1. Business development and value-added services fall short of expectations. Affected by the multiple effects of the epidemic, economic downturn, real estate market downturn, and increased market competition, uncertainty about the company's business expansion and community value-added services has increased, and there is a risk that development will fall short of expectations. Judging from the sensitivity analysis, if the optimistic forecast is that the market space growth rate of the property management industry remains at 10%, the company's revenue growth rate will exceed expectations by about 24.5%. Considering the scale effect of the property management business, the net profit growth rate is expected to reach more than 30%; assuming a neutral industry growth rate of 5%, the expected revenue and profit growth rates are 19.6% and 21.4%, respectively. Under the assumption that the growth rate of the pessimistic industry is -5%, the expected revenue and profit growth rates are 8.8% and 6.1%, respectively.

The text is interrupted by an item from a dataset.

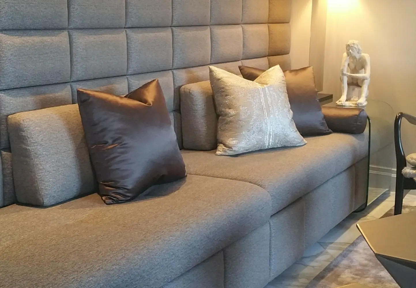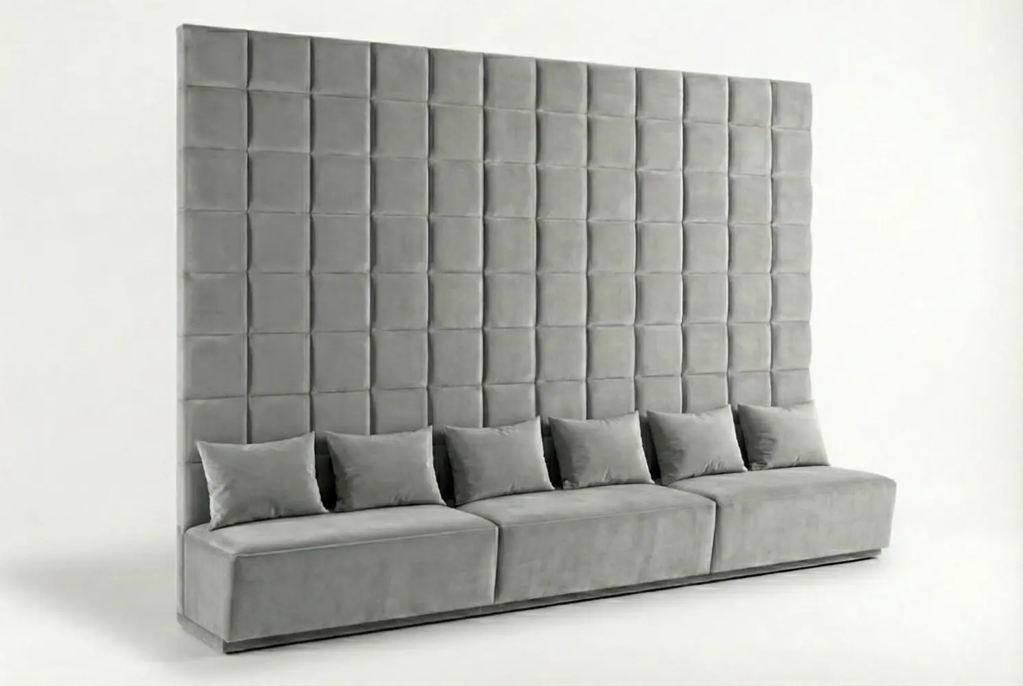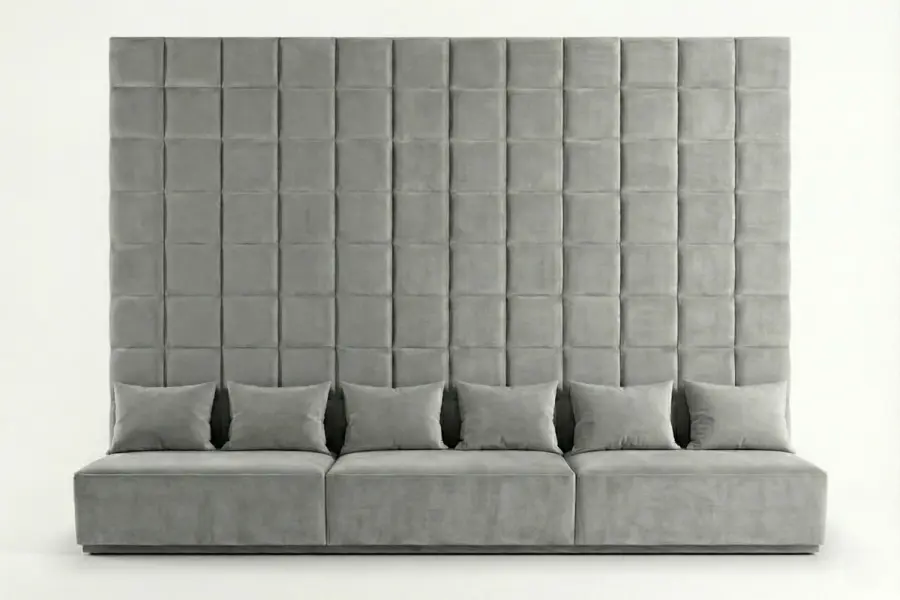 The Altus Custom Banquette delivers a commanding architectural presence, designed to transform any vertical surface into a refined, floor-to-ceiling statement. Its dramatic scale and grid-tufted back create a strong visual structure, while the tailored proportions allow it to function seamlessly within luxury residential, hospitality, or commercial interiors. Whether configured as a monolithic straight run or a precision-crafted L-shape, the Altus offers both impact and performance.

2. Risk of declining profitability. Competition in the property management market is becoming more intense, which may affect the scale of the company's market expansion and the profit margin level of the project, and gross margin may be under pressure. At the same time, labor costs are rising rigidly, and the dynamic property fee increase mechanism is slowly being formed, and the company's single market profitability is facing downside risks.

3. Increased risk of bad debts. The increase in the company's accounts receivable accounts is affected by the downturn in the real estate industry. The support of related housing enterprises for the company may weaken, lengthening the collection cycle of accounts receivable.

The translation is provided by third-party software.